From: Alok Mooley <rangdi@yahoo.com>
To: Dave Hansen <haveblue@us.ibm.com>
Cc: linux-kernel@vger.kernel.org, linux-mm@kvack.org
Subject: Re: Active Memory Defragmentation: Our implementation & problems
Date: Tue, 3 Feb 2004 21:09:15 -0800 (PST)	[thread overview]
Message-ID: <20040204050915.59866.qmail@web9704.mail.yahoo.com> (raw)
In-Reply-To: <1075843615.28252.17.camel@nighthawk>

--- Dave Hansen <haveblue@us.ibm.com> wrote:

> 
> On Mon, 2004-02-02 at 20:46, Alok Mooley wrote:
> > 	/*
> > 	 * See that page is not file backed & flags are
> as desired.
> > 	 * PG_lru , PG_direct (currently) must be set
> > 	 */
> > 	if(!page->mapping && (flags==0x10020 ||
> flags==0x10024 || 
> > flags==0x10060 || 
> > flags==0x10064) && page_count(page))
> > 		return 1;
> > 	/*Page is not movable*/
> > 	return 0;
> 
> Why are these flags hard-coded?  

Will use the macros.
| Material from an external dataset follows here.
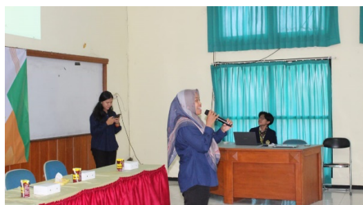
Gambar 2: Dosen memberikan penjelasan terkait manfaat pajak

Materi yang diberikan di awal adalah pengenalan terkait apa itu pajak. Pemateri yang merupakan dosen pajak Universitas Merdeka Malang juga berprofesi sebagai konsultan jadi memahami betul bagaimana Gap antara UMKM dengan pajak. Pada materi yang disampaikan dengan bahasa luwes untuk menghindari kecenderungan keberpihakan dengan pajak. Gambar 2 menunjukkan dosen memberikan penjelasan kepada pelaku UMKM tentang alasan pajak selalu ada dan tidak akan lepas dari dunia usaha.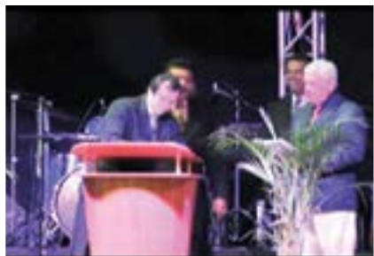
En Enlace practicamos lo que predicamos. Sobre estas líneas la firma de la donación de las 25 hectáreas del Campamento Valle Bendecido al Concilio de las Asambleas de Dios de Venezuela el 25 de enero del 2012.

Thanks.

> 
> > static void update_to_ptes(struct page *to)
> > ...
> >         pgprot.pgprot = (pte->pte_low) &
> (PAGE_SIZE-1);
> 
> You probably want to wrap this up in a macro for
> each arch.  I couldn't
> find an analagous one that exists.  
> 
> > static void free_allocated_page(struct page *page)
> 
> Is this really necessary?  Why don't the regular
> buddy allocator
> functions work?
> 
 The regular buddy freeing function also increases the
number of free pages. Since we are not actually
freeing pages (we are just moving them), we do not
want the original freeing function. But then we could 
decrease the number of free pages by the same number &
use the buddy freeing function. Will do. Thanks.

> > /*
> > * Flush the cache and tlb entries corresponding to
> the pte for the
> > * 'from' page
> > * Flush the tlb entries corresponding to the given
> page and not the 
> > whole
> > * tlb.
> > */
> > static void flush_from_caches(pte_addr_t paddr)
> > {
> 
> How does this function compare to
> try_to_unmap_one()?  Can you use that
> instead?  It looked like you cut and pasted some
> code from there.

 Yes we have cut & pasted some code from there. But,
try_to_unmap_one also does lots of other stuff like
           /*
            * Store the swap location in the pte.
            * See handle_pte_fault() ...
            */
which we don't want. Hence we use a separate function.

> 
> I'll stop there for now.  There seems to be a lot of
> code in the file
> that's one-off from current kernel code.  I think a
> close examination of
> currently available kernel functions could drasticly
> reduce the size of
> your module.  
Will try to reduce the code. Thanks.

Could you also please comment & advise us on our
problems which are as below: -

We want to broaden our definition of a movable
page, & consider kernel
pages & file-backed pages also for movement (currently
we consider only userspace anonymous pages as
movable). Do
file-backed pages also obey the
3GB rule? In order to move such pages, we will have to
patch macros like "virt_to_phys"
& other related macros, so that the address
translation for pages moved by us will take place
vmalloc style, i.e., via page tables, instead of
direct +-3GB. Is it worth introducing such
an overhead for address translation (vmalloc does
it!)? If no, then is there another
way out, or is it better to stick to our current
definition of a movable page?
Identifying pages moved by us may involve introducing
a new page-flag. A new page-flag 
for per-cpu pages would be great, since we have to
traverse the per-cpu hot & cold lists
in order to identify if a page is on the pcp lists. 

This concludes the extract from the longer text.